Use the group evaluation feature - Simple Log Service - Alibaba Cloud Documentation Center

When you create an alert monitoring rule, you can configure the Group Evaluation parameter. When the alert monitoring system processes query and analysis results, the system can group the results based on specified fields. The results in each group are evaluated based on a specified trigger condition. If the results in a group meet the trigger condition, an alert is triggered. You can use an alert monitoring rule to monitor multiple groups of query and analysis results at the same time. You can manage alerts and incidents for each group.

Important

After you configure the group evaluation feature, the maximum number of groups in which query and analysis results can be evaluated at a time is 100. If the number of groups in which query and analysis results are evaluated is greater than 100, only 100 of the groups are selected at random and sent to the alert policy.
When you select fields for group evaluation, we recommend that you select a field that can identify a monitored entity and whose values can be enumerated. If a field cannot identify a monitored entity, we recommend that you do not select the field. If you do not select a suitable field, an excessive number of groups are generated. If the trigger condition in a group is met, an alert is triggered. If a large number of groups exist, alert storms may occur. In this case, you may miss out on important alert information.
For example, you can select fields such as the host and method fields in NGINX logs and the bucket field in Object Storage Service (OSS) access logs. Do not select fields such as the request_time and body_size fields in NGINX logs or the err_cnt field in error logs.

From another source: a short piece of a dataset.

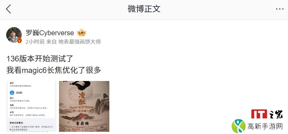 本站 1 月 2 日消息,荣耀首席影像工程师罗巍今日发文透露,Magic6 系列手机“136”版本开始测试,并称“看 Magic6 长焦优化了很多。”据本站此前报道,荣耀 Magic6 系列手机已于去
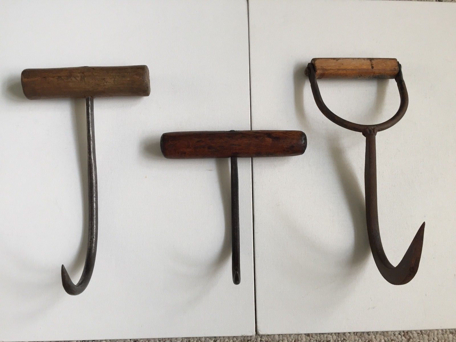 Title (ebay affiliate link): Three Antique Wood & Metal Hooks Used For Hay Bales or Longshore Work

Example 1: Monitor time series data by group

In this example, the metric data of multiple servers is stored in a Metricstore. Requirement: If the CPU utilization that is specified by cpu_util of each server exceeds 95%, an alert is triggered, and Simple Log Service sends an alert notification for each server. To meet this requirement, you can configure the group evaluation feature when you create an alert monitoring rule. Time series data

You can configure the following parameters:

Query Statistics: Specify * | select promql_query_range('cpu_util') from metrics limit 1000.
This query statement is used to query the CPU utilization of each server.
Group Evaluation: Select Auto Tag.
This value specifies that the query and analysis results of time series data are automatically grouped.
Trigger Condition: Select data matches the expression, enter value > 95, and then select Severity: High.
If a value of the value field in the query and analysis results is greater than 95, an alert whose severity is High is triggered.
Add Annotation: Specify annotations such as the title and description of an alert. You can reference field variables such as ${host} in an annotation. For more information, see Add labels and annotations.

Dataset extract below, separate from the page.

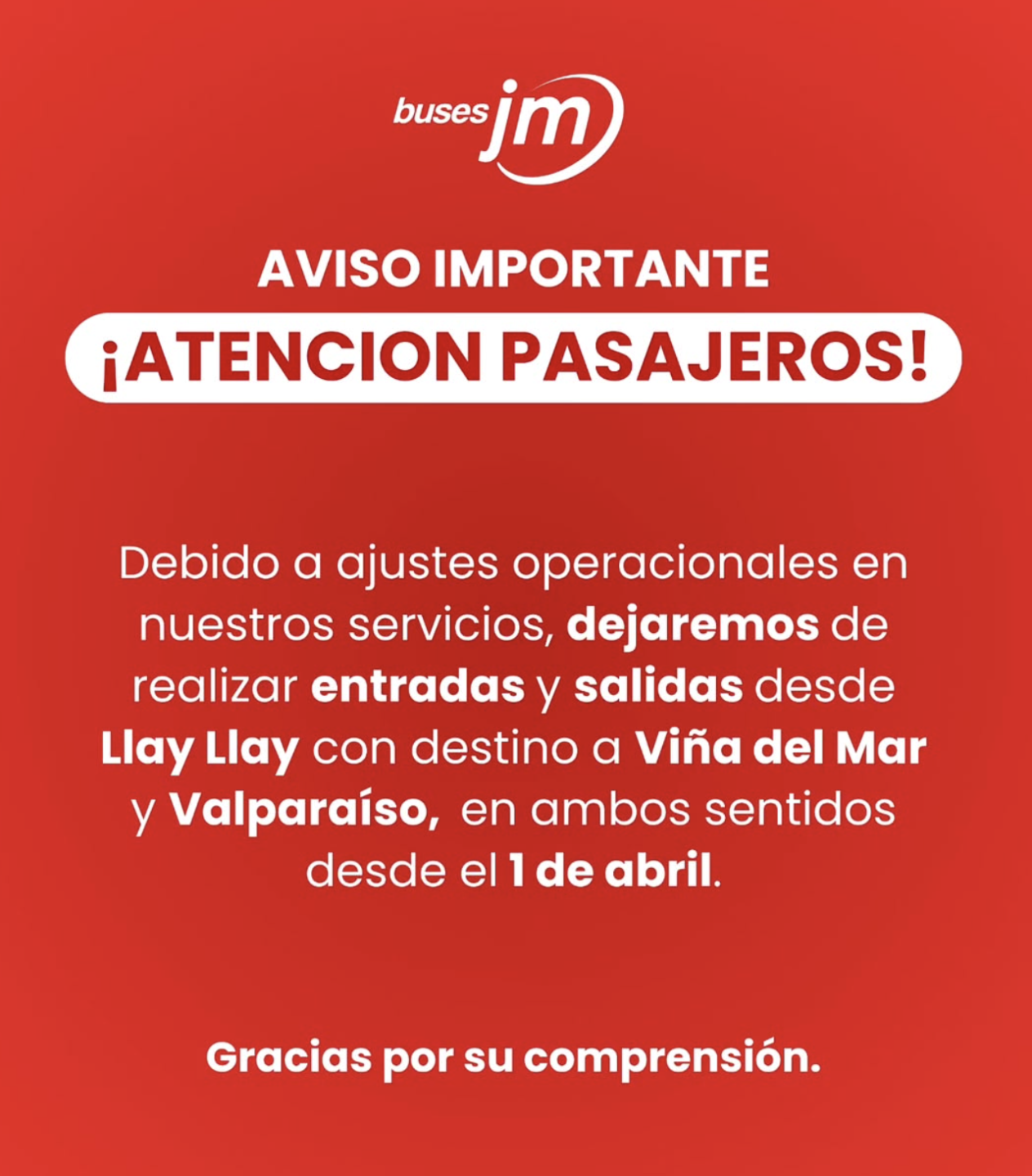 “Debido a ajustes operacionales en nuestros servicios, dejaremos de realizar entradas y salidas desde Llay Llay con destino a Viña del Mar y Valparaíso, en ambos, sentidos desde el 1 de abril. Gracias por su comprensión”, informó la empresa a través de una escueta declaración publicada en sus redes sociales.

Example 2: Monitor logs by group

In this example, OSS access logs are monitored. Requirement: If the number of times that the HTTP status code 500 is returned for each bucket per minute exceeds 1,000, an alert is triggered, and Simple Log Service sends an alert notification for each bucket. To meet this requirement, you can configure the group evaluation feature when you create an alert monitoring rule.

You can configure the following parameters:

Query Statistics: Specify http_status=500 | select bucket,count(1) as pv group by bucket having pv > 1000 order by pv desc.
This query statement is used to query the buckets for which the number of times that the HTTP status code 500 is returned exceeds 1,000.
Group Evaluation: Select Custom Tag and bucket.
The values specify that the query and analysis results are grouped by bucket.
Trigger Condition:
- Condition 1: Select data matches the expression, enter pv > 3000, and then select Severity: High.
  If a value of the pv field in the query and analysis results is greater than 3000, an alert whose severity is High is triggered.
- Condition 2: Select Data is returned and select Severity: Medium.
  If data is returned in the query and analysis results, an alert whose severity is Medium is triggered.
Add Annotation: Specify annotations such as the title and description of an alert. You can reference field variables such as ${pv} in an annotation. For more information, see Add labels and annotations.